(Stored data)
* * * * *

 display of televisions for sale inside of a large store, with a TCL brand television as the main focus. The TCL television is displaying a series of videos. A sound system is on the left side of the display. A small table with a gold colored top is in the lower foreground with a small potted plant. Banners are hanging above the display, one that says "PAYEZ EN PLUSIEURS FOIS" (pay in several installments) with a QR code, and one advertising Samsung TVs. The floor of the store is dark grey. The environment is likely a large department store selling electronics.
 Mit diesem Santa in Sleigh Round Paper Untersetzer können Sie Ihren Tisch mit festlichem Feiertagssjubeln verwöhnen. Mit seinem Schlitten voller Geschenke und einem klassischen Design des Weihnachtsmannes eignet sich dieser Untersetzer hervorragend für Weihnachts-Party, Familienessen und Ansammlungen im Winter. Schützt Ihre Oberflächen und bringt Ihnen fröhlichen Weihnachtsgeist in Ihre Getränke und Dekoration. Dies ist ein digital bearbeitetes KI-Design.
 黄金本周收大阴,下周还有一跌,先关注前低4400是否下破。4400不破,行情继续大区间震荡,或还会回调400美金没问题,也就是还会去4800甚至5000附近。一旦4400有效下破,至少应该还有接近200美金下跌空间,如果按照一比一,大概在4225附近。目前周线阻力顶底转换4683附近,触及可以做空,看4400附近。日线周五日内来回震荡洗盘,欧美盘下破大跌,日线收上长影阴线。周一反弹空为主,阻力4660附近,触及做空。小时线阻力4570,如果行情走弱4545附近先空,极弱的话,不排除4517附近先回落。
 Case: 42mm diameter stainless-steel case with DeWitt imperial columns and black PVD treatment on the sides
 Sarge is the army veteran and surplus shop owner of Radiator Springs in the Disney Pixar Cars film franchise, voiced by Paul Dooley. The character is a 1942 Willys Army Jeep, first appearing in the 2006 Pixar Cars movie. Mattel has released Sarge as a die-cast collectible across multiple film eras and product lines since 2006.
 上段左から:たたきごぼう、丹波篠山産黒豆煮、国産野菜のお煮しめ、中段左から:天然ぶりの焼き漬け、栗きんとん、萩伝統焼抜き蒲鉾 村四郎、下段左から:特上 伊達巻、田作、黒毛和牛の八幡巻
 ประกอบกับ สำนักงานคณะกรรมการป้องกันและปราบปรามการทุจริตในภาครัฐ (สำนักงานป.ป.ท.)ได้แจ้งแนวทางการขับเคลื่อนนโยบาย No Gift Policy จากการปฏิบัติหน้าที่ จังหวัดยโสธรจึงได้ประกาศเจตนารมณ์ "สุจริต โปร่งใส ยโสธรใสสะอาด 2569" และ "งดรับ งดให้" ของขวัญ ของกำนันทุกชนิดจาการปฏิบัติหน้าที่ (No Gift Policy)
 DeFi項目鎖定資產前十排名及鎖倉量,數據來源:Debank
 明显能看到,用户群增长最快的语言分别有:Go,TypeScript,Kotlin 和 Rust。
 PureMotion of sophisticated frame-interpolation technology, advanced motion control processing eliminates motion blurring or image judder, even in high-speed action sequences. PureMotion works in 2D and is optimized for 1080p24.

* * * * *

PROBLEM DETAILS: Each line from the one holding "DeFi項目鎖定資產前十排名及鎖倉量,數據來源:Debank" down to the end of the records above is to be repeated exactly; no other line belongs in the reply.

TASK OUTPUT:
 DeFi項目鎖定資產前十排名及鎖倉量,數據來源:Debank
 明显能看到,用户群增长最快的语言分别有:Go,TypeScript,Kotlin 和 Rust。
 PureMotion of sophisticated frame-interpolation technology, advanced motion control processing eliminates motion blurring or image judder, even in high-speed action sequences. PureMotion works in 2D and is optimized for 1080p24.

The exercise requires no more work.